Ask an Economist

Kevin L. Kliesen

Kevin L. Kliesen is a business economist and Research officer at the Federal Reserve Bank of St. Louis. His main areas of interest are monetary and fiscal policy and macroeconomic forecasting. Kliesen co-developed the St. Louis Fed's Financial Stress Index with a former colleague. He initially went to college to be a farmer, but then fell in love with economics. Every spring and summer, he returns to his roots to try to make his plants and flowers thrive in the St. Louis summer. For more on Kliesen's work, see

Q. As the city of St. Louis turns 250, how well is it positioned in terms of employment growth? What are some of the opportunities out there for the area?

A. St. Louis is a service-based economy, much like the U.S. is as a whole. In the St. Louis metro area, the sectors with the largest growth rates are the education and health care sector, the professional and business services sector, and the financial activities sector.

Over the longer term, St. Louis is fairly well-positioned in terms of employment growth, given the area's concentration in health care, technology and financial services. The Bureau of Labor Statistics recently published employment projections for the next 10 years. The top two occupations when it comes to job growth are health-care related. Due to the aging of the baby boomers, there is more demand for health-care services. Also, as people get older and accumulate wealth, demand for financial services typically increases.

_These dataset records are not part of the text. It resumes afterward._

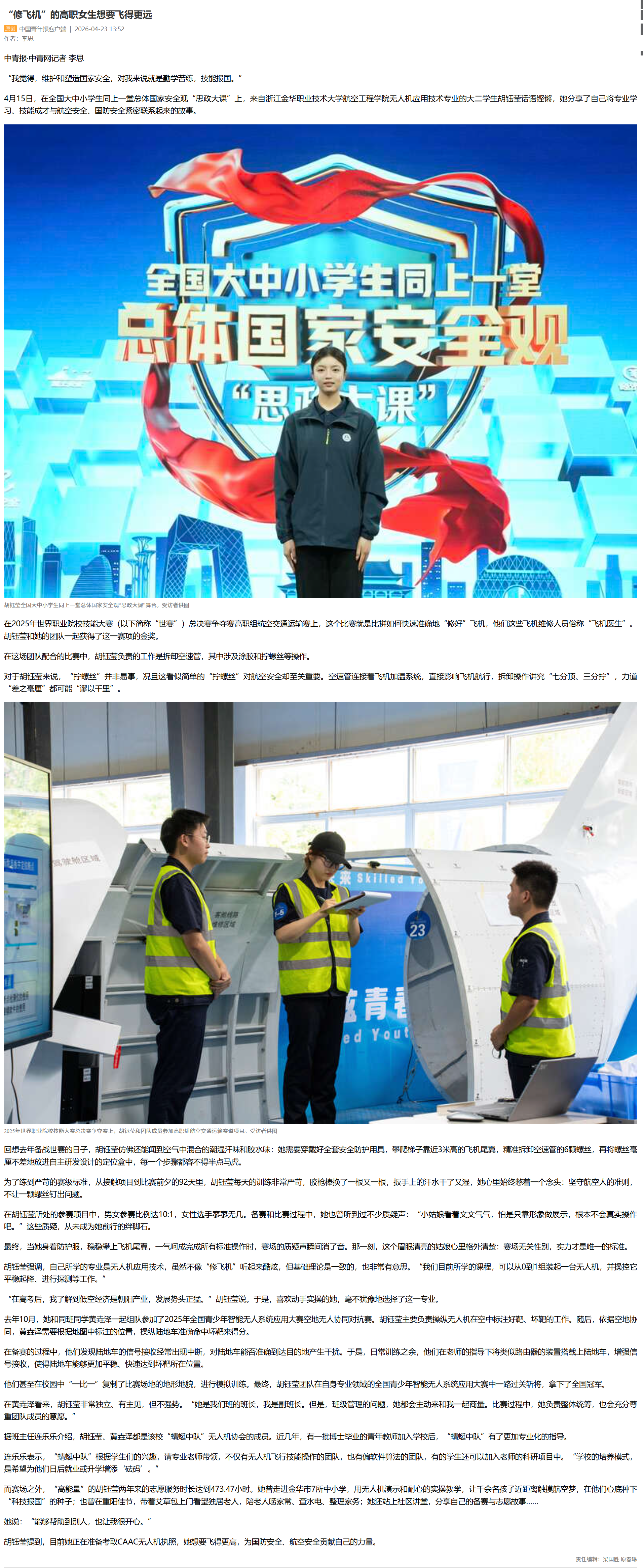 中国青年报客户端:“修飞机”的高职女生想要飞得更远
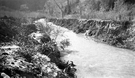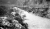 Basket dam #1 after a flood destroyed a footbridge leaving debris scattered along the banks. ; ZION Museum and Archives Image ZION 13643 ; ZION 13643
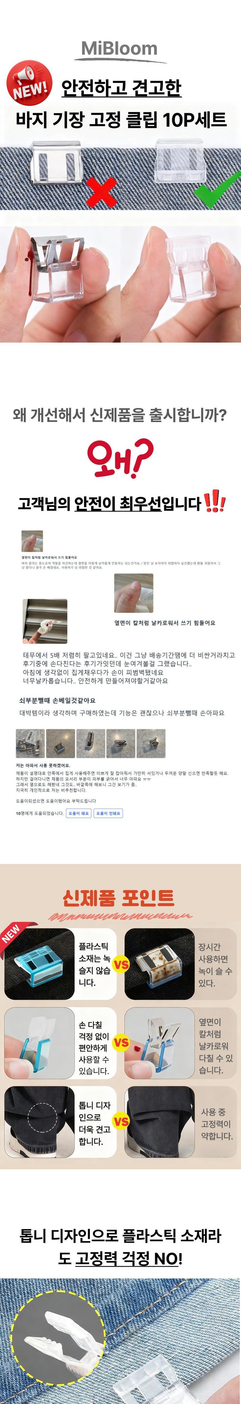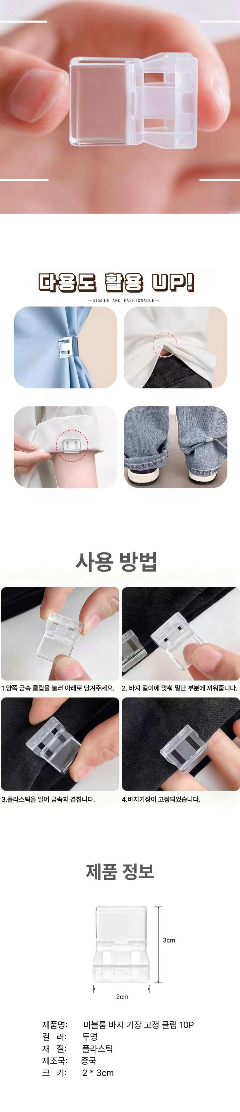 | 품명 및 모델명 | 미블룸 바지 밑단 기장 길이 줄이기 수선 고정클립 10개 세트 | 인증/허가 사항 | 해당없음 |
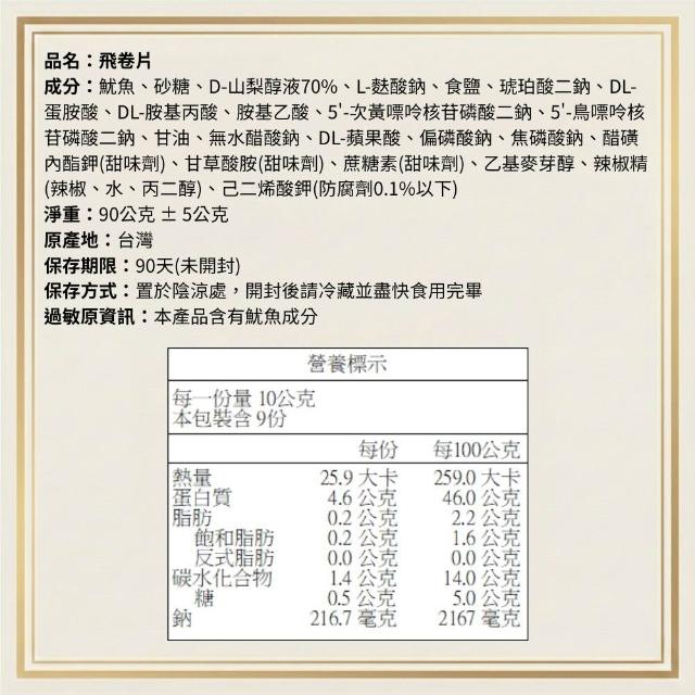 飛卷片90g x3包(澎湖小卷 小卷片 海味 炭烤片 海鮮零食 零食 食品)
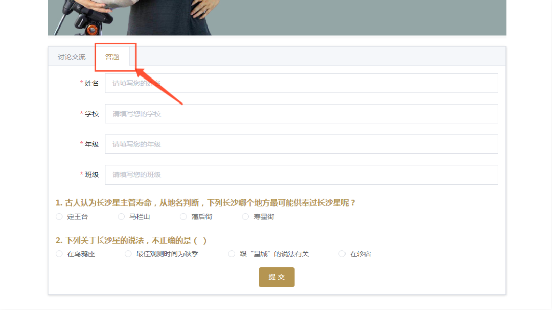 4.每节课最后设有“答题”板块,按照系统要求填写好基本信息后进行答题。本课程共设置5个小题,每小题20分,完成全部题目并且答对60分即可获得课程证书。
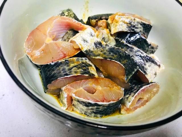2,黑鱼洗干净之后切成大块,放到一个大碗里在,加入料酒,生抽,盐拌匀之后静置一个小时以上,中间记得翻拌几次。
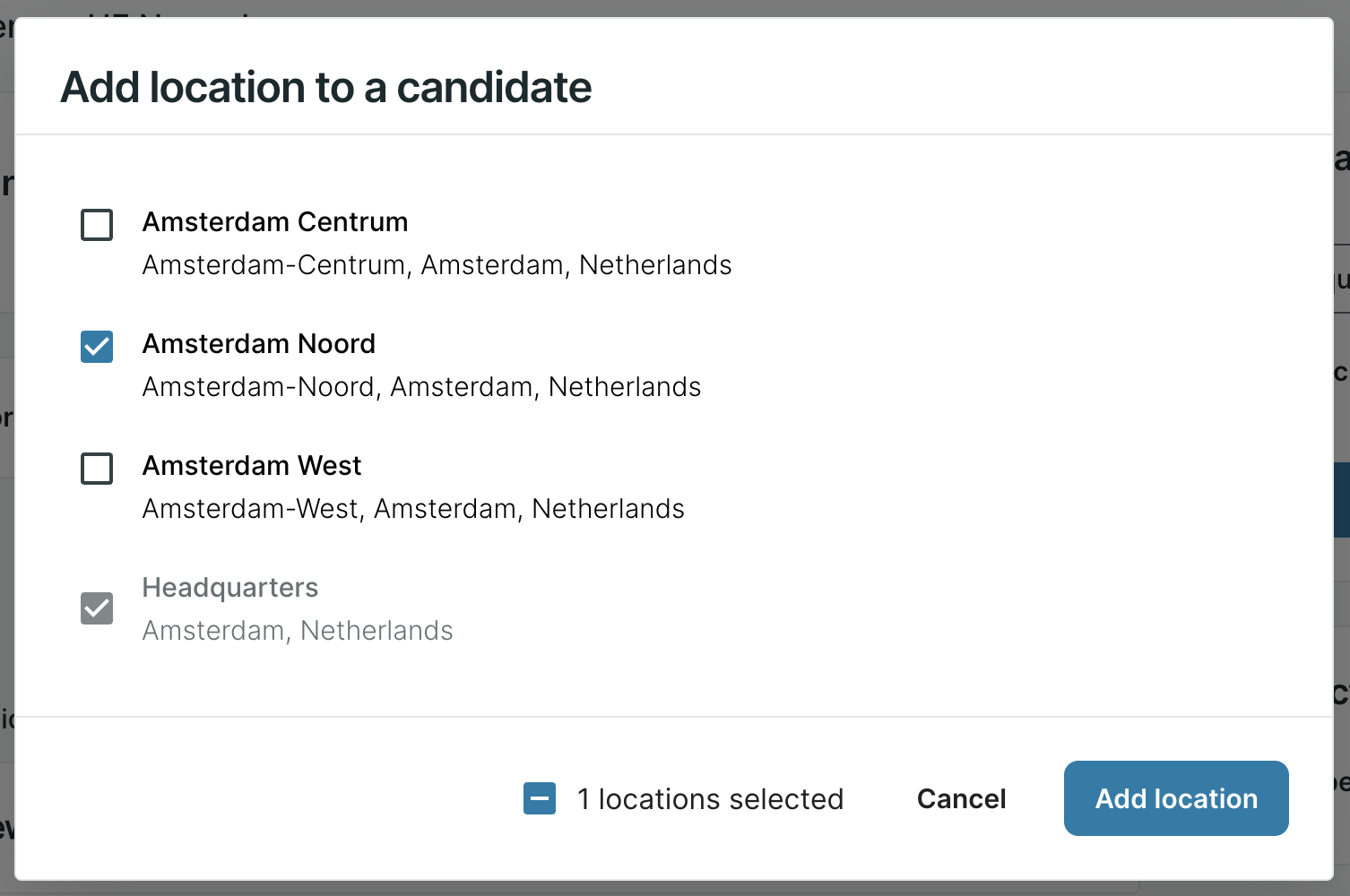 Recruiters can also manually add additional locations to a candidate when needed—for example, in multi-location hiring scenarios where multiple stores or offices may want to consider the same applicant.

Employment in manufacturing has been relatively flat recently. Many people believe that manufacturing has large spillovers to the local economy. However, recent research by Enrico Moretti, an economist at the University of California at Berkeley, shows that jobs in the innovation sector—such as computer companies and biotechnology firms—have a much higher multiplier effect.[1] Using data on 9 million workers in 320 U.S. metropolitan areas, Moretti found that the multiplier effect for the innovation sector is about three times as large as that of extractive industries and traditional manufacturing. In other words, the most important effect of high-tech companies on local economies is outside high tech. Additionally, because innovation jobs are typically higher paying, the service jobs that are created as spillovers pay more, too. St. Louis would benefit from more growth in this area. In this vein, recent entrepreneurial efforts in St. Louis at the so-called T-Rex new-firm incubator are promising.[2]